To complement the dance styles, the dancers also wear clothing reminiscent of what would have been worn by women in Italy also at the turn of century.

For Regina Maria XXVII Bryanna DeFazio, preserving the dance tradition of her ancestors is a way to honor the hardships they went through after immigrating to the U.S.

"I know many of the people that are celebrating this weekend, have stories that they've heard from their family, I have stories of my great grandmother being mistreated when she got to this country and the hardships that she went through," she said. "So for that reason I preserve it and why it's important for me."

Although DeFazio lives in New Jersey now, she still returns every year for the festival. It's ingrained into who she is.

It's also something she wants to pass on to the next generation. She just got engaged, and envisions passing her traditions she's picked up over the years to her children. Her desire isn't even bound to her own children. Prior to going onstage, DeFazio helped a little boy unrelated to her learn a dance so he could join in the communal dancing later when the group was performing.

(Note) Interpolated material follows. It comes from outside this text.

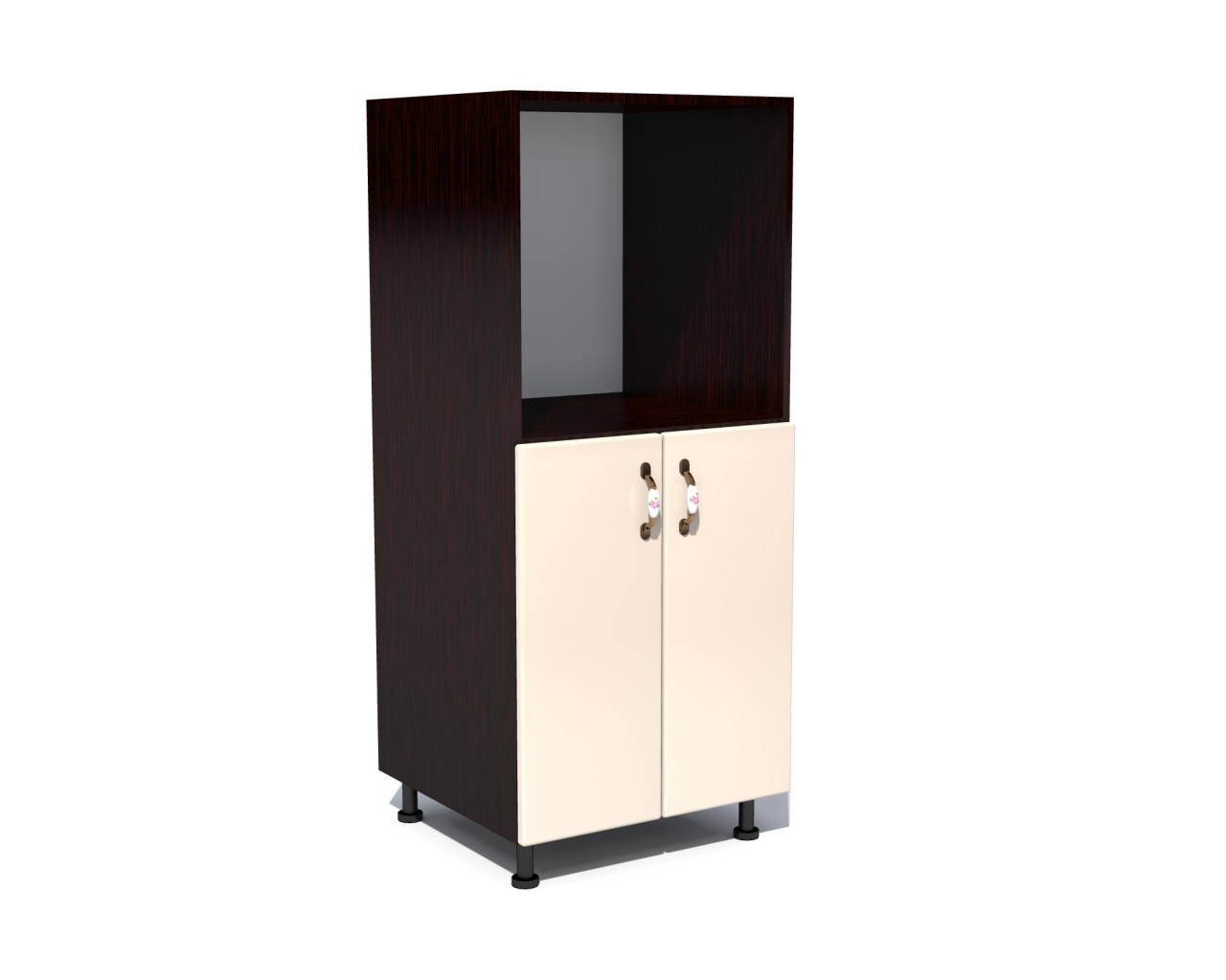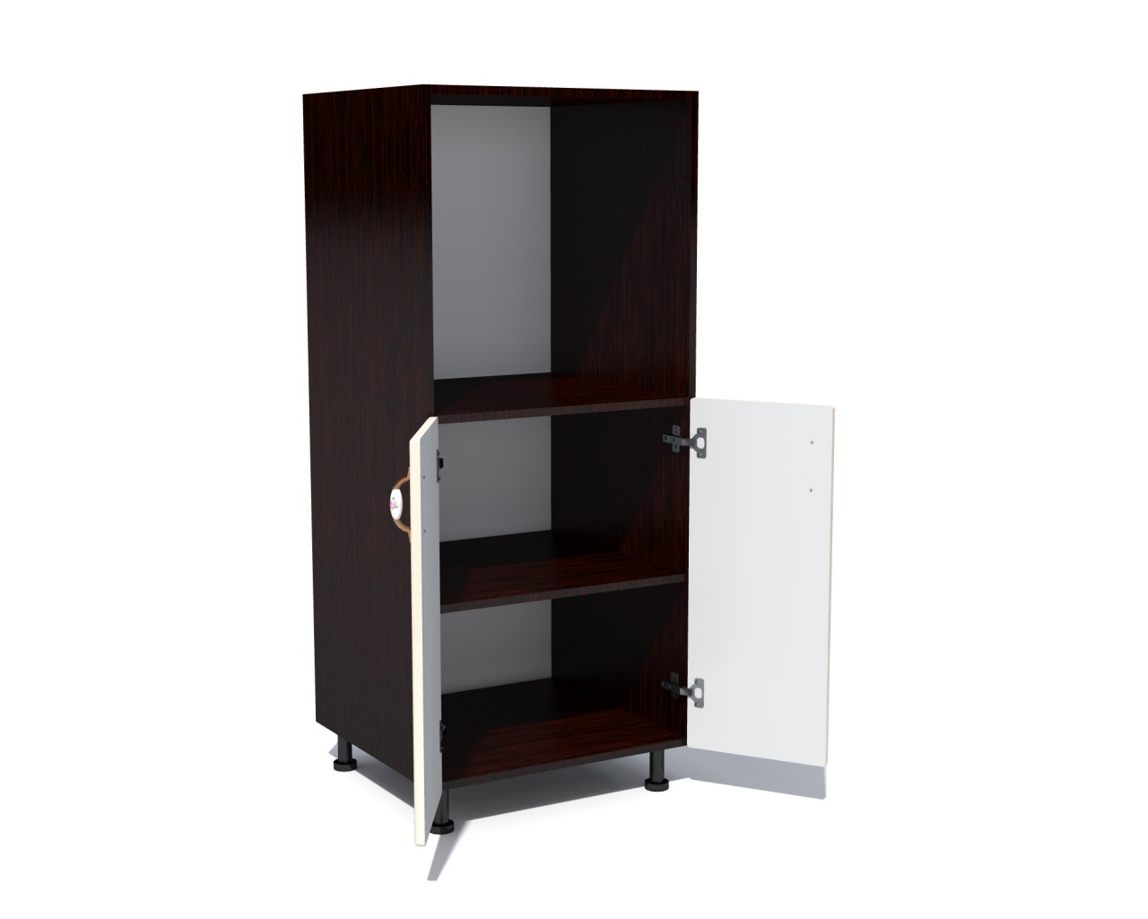 Materiale folosite: Pal melaminat, usi din MDF infoliat, manere metalice cu insertie portelan, balamale cu piston (inchidere soft close), picioare reglabile plastic 100 mm.
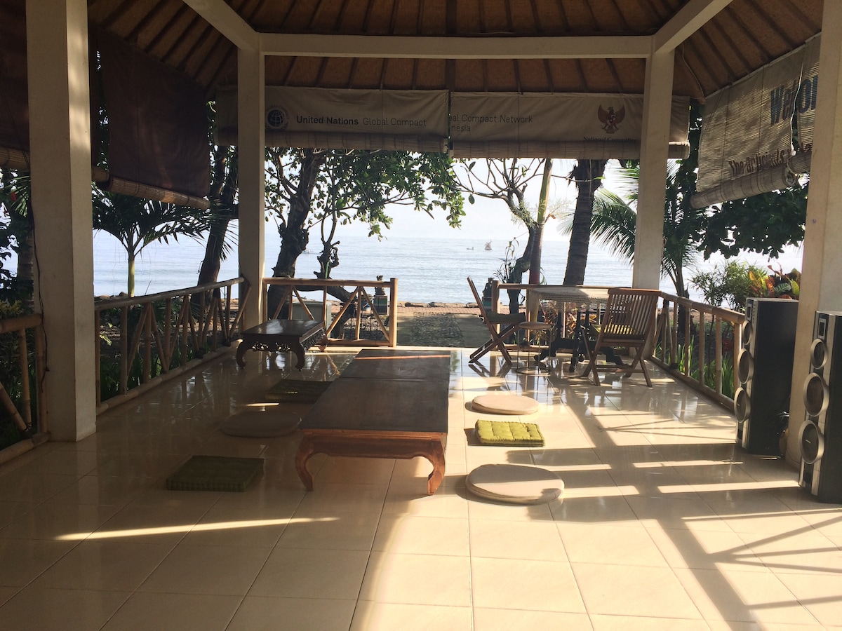 With Oceanview. Quiet, sunny location. The garden is full of flowers, butterflies and coconut palms, bordering the sea. Ideal for diving & snorkeling. The intact coral reef is right on our beach. Close to a Hindu Balinese fishing village. Small restaurant with delicious & inexpensive dishes, also for vegetarians & vegans. Free good wifi. Perfect to relax & experience traditional Bali, sunrises, dolphins, yoga & meditation & a great waterfall.

However, action must be married to meaning, DeFazio said.

"I think it's really important for the younger generations to know why, why we are doing this," she said. "Why did this become something that is so familiar that I don't know how I got involved with it? I like to keep that piece there too."

It all ties back to the cultural makeup of West Virginia. Rose Mazza said that at one point, 65% of the population of Harrison, Marion, Monongalia and even Lewis County were Italian.

"It's important for us to preserve all these cultural literary events, to pass them down to our children and great grandchildren and so forth," Rose Mazza said. "So they can just keep on carrying on the tradition. I think that's why this festival was created in Clarksburg, West Virginia. There are a lot of Italian people here."

Dance is also a way to bring people together, which is the main goal of the festival. The performances not only evoke the spirit of Italian heritage, they also provide a common bond for attendees at the festival to connect over. Which leads into the most powerful aspect of Italian traditions, unity.

"This is what this festival is all about," Louis Mazza said. "We try to show everybody the love, that chokes me up, that we have for everybody. And I mean that we try to love everybody, no matter what race they are. Everybody this weekend, is Italian."